異なる分子量(100-1,600ダの範囲)で、異なる物理化学的特性を比較すると物質のin vitro でのプローブの回収では 、分子量と分子量のグルコース、乳酸およびアセチルコリンのインビトロ回復決意200Da未満、ATP約500ダおよび神経ペプチドのアンジオテンシンII、千ダ上記分子量のサブスタンスPおよびソマトスタチンが行われます。
Protocol
Representative Results
Discussion
図3は、例示的なプローブアセンブリを示しています。正しい内側と外側の直径寸法は、密接にチューブのために観察されなければならない(OD 1.6ミリメートル、ID 350ミクロン)、溶融シリカ(OD 105ミクロン; ID 40ミクロン)と透析膜(OD 245ミクロン; ID 210ミクロン)。これは、膜および(105ミクロン)の溶融シリカとの間の空間を維持することも重要であると同様に(105ミク…
Declarações
The authors have nothing to disclose.
Acknowledgements
The authors are grateful to G. Barka (SunChrom GmbH, Friedrichsdorf, Germany) for his support and for providing the epoxy glue. Furthermore, the authors acknowledge Fresenius Medical Care (Bad Homburg, Germany) for supplying the Capillary Haemodiafilter FXCorDiax. Funding was obtained from Goethe University of Frankfurt.
Materials
| Epoxy glue | SunChrom GmbH, Fiedrichsdorf, Germany | ||
| Fused silica ID 40 µm OD 105 µm | Ziemer-Chromatographie, Mannheim, Germany | Art. No: 6.040105 | |
| Polysulfone membrane (haemodialysis filter FX Cor Diax 600) | Fresenius Medical Care AG & Co. KGaA, Bad Homburg, Germany | REF: F00001593 | |
| Cyanacrylate glue (Pattex® superglue plastic) | Henkel AG&Co. KGaA, Düsseldorf, Germany | ||
| TEFLON-tubing 1.6 x 0.35 mm | SunChrom® GmbH, Friedberg, Germany | Art. No: 969-195.219 | |
| Scalpel (Feather® Surgical Blade No. 10) | pfm medical ag, cologne, Germany | Art. No: 07310 | |
| Microscope | MEIJI Techno | EMZ-8TR | |
| 30 G x 11" (0.3 x 25 mm) cannula Sterican® Z | B.Braun Melsungen AG, Melsungen, Germany | REF: 9324500 | |
| 25 G x 11/2" (0.5 x 40 mm) cannula 100 Sterican® | B.Braun Melsungen AG, Melsungen, Germany | REF: 9186166 | |
| Fine pen (Stabilo point 88 fine 0.4) | Schwan-STABILO Schwanhäußer GmbH & Co. KG | Art. No: 88/36 | |
| Hot glue (Glue sticks ULTRA Power x 11 mm) | Steinel® GmbH, Herzebrock-Clarholz, Germany | Art. No: 4007841046910 | |
| Sandpaper P60 230 x 280 | Robert Bosch GmbH, Gerlingen-Schillerhöhe, Germany | Catalog Number: 2608605397 |
Referências
- Feldberg, W., Malcom, J. Experiments on the site of action of tubocurarine when applied via the cerebral ventricles. J Physiol. 149, 58-77 (1959).

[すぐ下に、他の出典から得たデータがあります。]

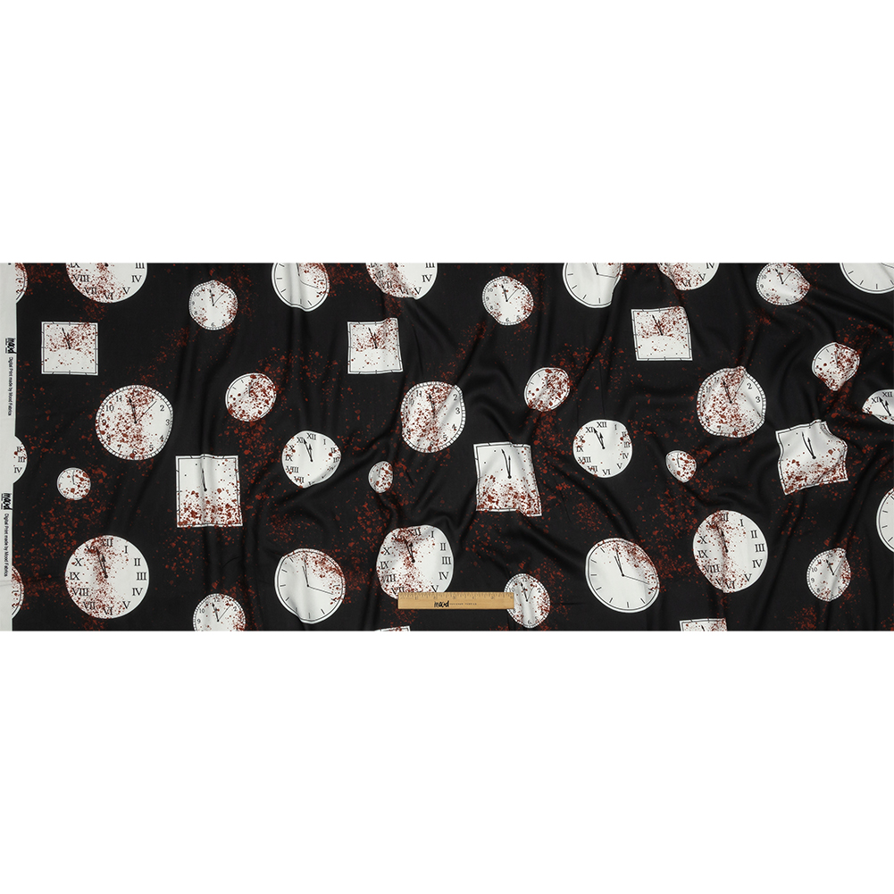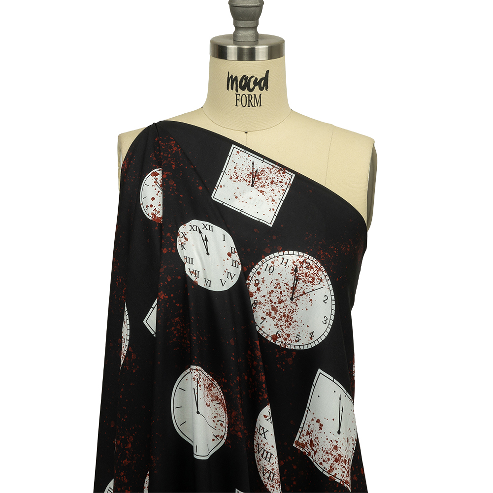 Rayon Batiste – Clocks and Blood Splatter – The Masque Print – Mood Exclusive Nevermore Collection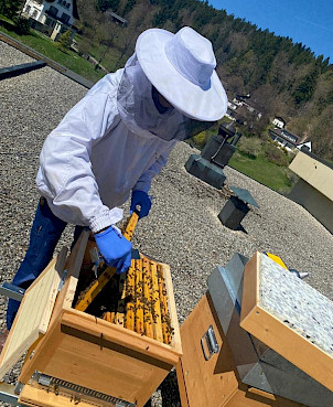 Dans une démarche de durabilité au sein du groupe Swiss Medical Network, nous avons pris une initiative innovante : l'installation de ruches sur le toit de notre clinique, grâce à notre apiculteur expérimenté, Rafaël Klock. Dans un avenir proche, nous prévoyons de mettre en place diverses activités captivantes afin de sensibiliser nos patients et collaborateurs aux abeilles et au miel, ainsi que de favoriser leur bien-être.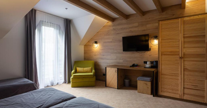 Inconjurat de 53 km de partii de schi, acest hotel de 3 stele din inima statiunii Bukovel oferă facilităti de spa moderne, diverse activităti de agrement si preparate din bucătăria internatională. Accesul la internet Wi-Fi este gratuit.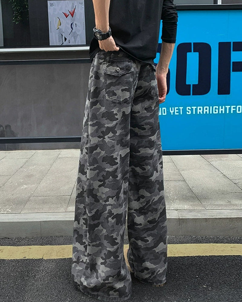 Big & Tall Men's Vintage Camouflage Jeans Loose Pants M-5XL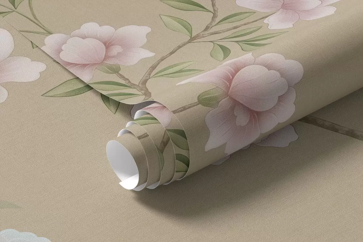 Fotomurales Ramas en flor con pájaros sobre un fondo beige cálido Nr. w05416v2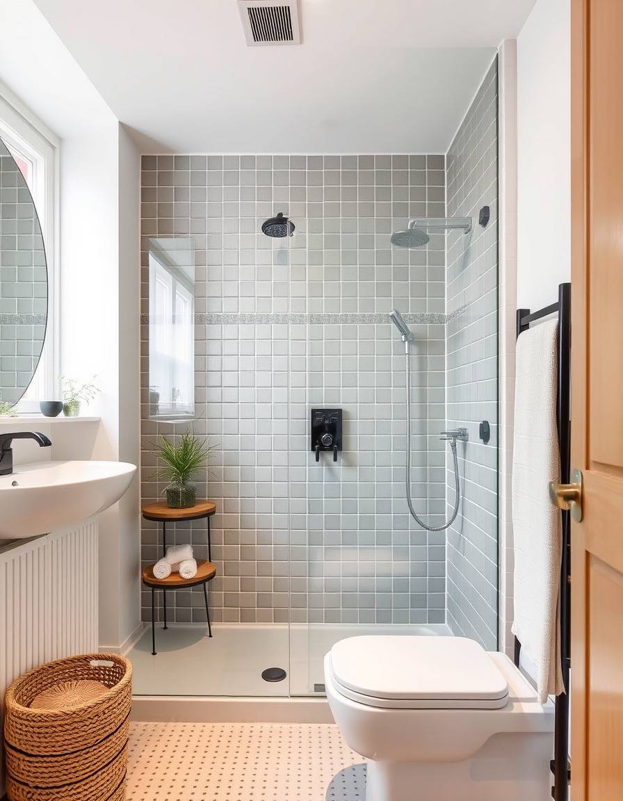 Jos kylpyhuoneessasi on paljon yksityiskohtia, kuten värikkäitä laattoja tai koristeellisia kalusteita, yksinkertainen lasinen suihkuseinä voi olla paras valinta. Se ei kilpaile huomiosta muiden elementtien kanssa vaan antaa niiden loistaa.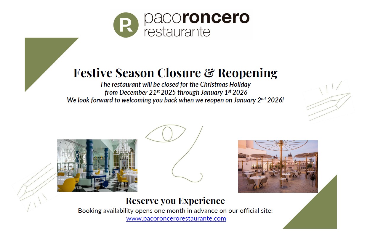 At a peak moment of creative maturity, Paco Roncero offers a cuisine that—like Madrid—is a conversation between past and present. It draws on roots and memories, yet embraces innovation and the vibrant pulse of the city. Because Madrid doesn’t cook itself. Madrid is created with those who live it. In this restaurant, you’ll discover all the Madrids that exist: the eternal, the emerging, and the one each diner carries within.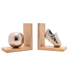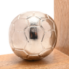 What truly sets this pair apart is its striking football inspired detailing. On one bookend rests a beautifully rendered silver tone football, its polished surface subtly reflective and intricately patterned to echo the familiar panels of a classic ball. It sits neatly cradled against the wooden frame, creating a pleasing contrast between the cool metallic finish and the warmth of the timber. On the opposing bookend, a matching football boot, also silver in colour, is captured mid-motion, angled as though poised to strike. The sculptural quality of the boot, with its defined contours and textured detailing, brings a sense of movement and energy to the piece, evoking the passion and dynamism of the game.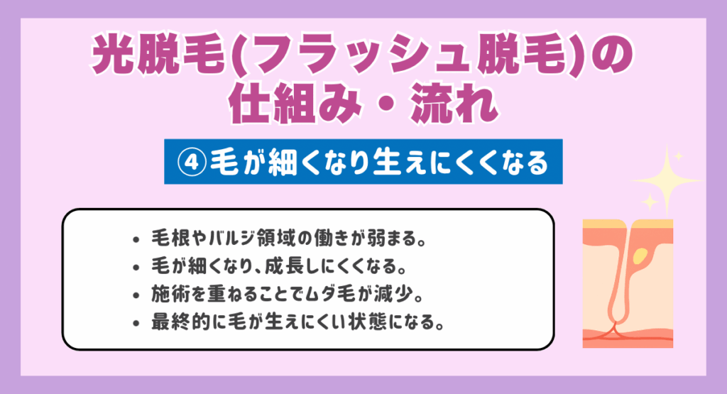 毛根やバルジ領域の機能が弱まることで、毛は徐々に細くなり、成長しにくくなります。施術を繰り返すことでムダ毛が目立たなくなり、最終的には生えにくい状態へと導びかれます。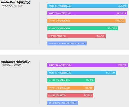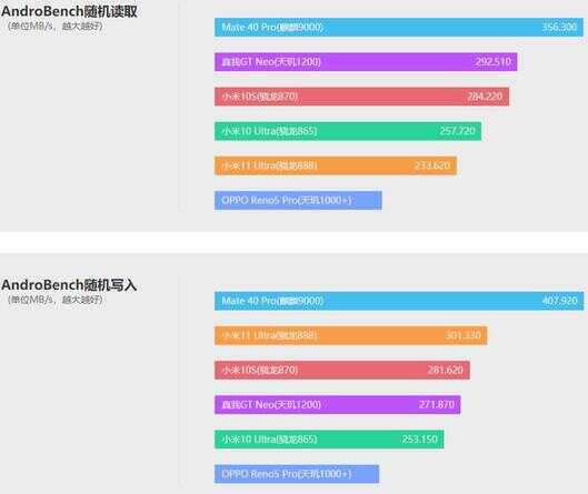 - 闪存读写性能表现不错。终于有UFS 3.1,且不会像高通平台那样受加密速度限制,连续读轻松反杀高通全系,随机读写速度也还不错。

- Gaddum, J. H. Push-pull cannulae. J Physiol. 155 (1 P), (1961).
- Bito, L., Davson, H., Levin, E., Murray, M., Snider, N. The concentrations of free amino acids and other electrolytes in cerebrospinal fluid, in vivo dialysate of brain, and blood plasma of the dog. J Neurochem. 13 (11), 1057-1067 (1966).
- Delgado, J. M., Lerma, J., Martín del Río, R., Solís, J. M. Dialytrode technology and local profiles of amino acids in the awake cat brain. J Neurochem. 42 (5), 1218-1228 (1984).
- Ungerstedt, U., Pycock, C. Functional correlates of dopamine neurotransmission. Bull Schweiz Akad Med Wiss. 30 (1-3), 44-55 (1974).
- Ungerstedt, U. Microdialysis–principles and applications for studies in animals and man. J Intern Med. 230 (4), 365-373 (1991).
- Bourne, J. A. Intracerebral microdialys: 30 years as a tool for the neuroscientist. Clin Exp Pharmacol Physiol. 30 (1-2), 16-24 (2003).
- Lietsche, J., Gorka, J., Hardt, S., Karas, M., Klein, J. Self-built microdialysis probes with improved recoveries of ATP and neuropeptides. J Neurosci Methods. 237, 1-8 (2014).
- Chefer, V. I., Thompson, A. C., Zapata, A., Shippenberg, T. S. Overview of Brain Microdialysis. Curr Protoc Neurosci. 7, Unit 7.1 (2009).
- Neurochem, J. Brain Microdialysis. J. Neurochem. 52 (6), 1667-1679 (1989).
- Jolly, D., Vezina, P. In vivo microdialysis in the rat: low cost and low labor construction of a small diameter, removable, concentric-style microdialysis probe system. J Neurosci Methods. 68 (2), 259-267 (1996).
- Sumbria, R., Klein, J., Bickel, U. Acute depression of energy metabolism after microdialysis probe implantation is distinct from ischemia-induced changes in mouse brain. Neurochem Res. 36, 109-116 (2010).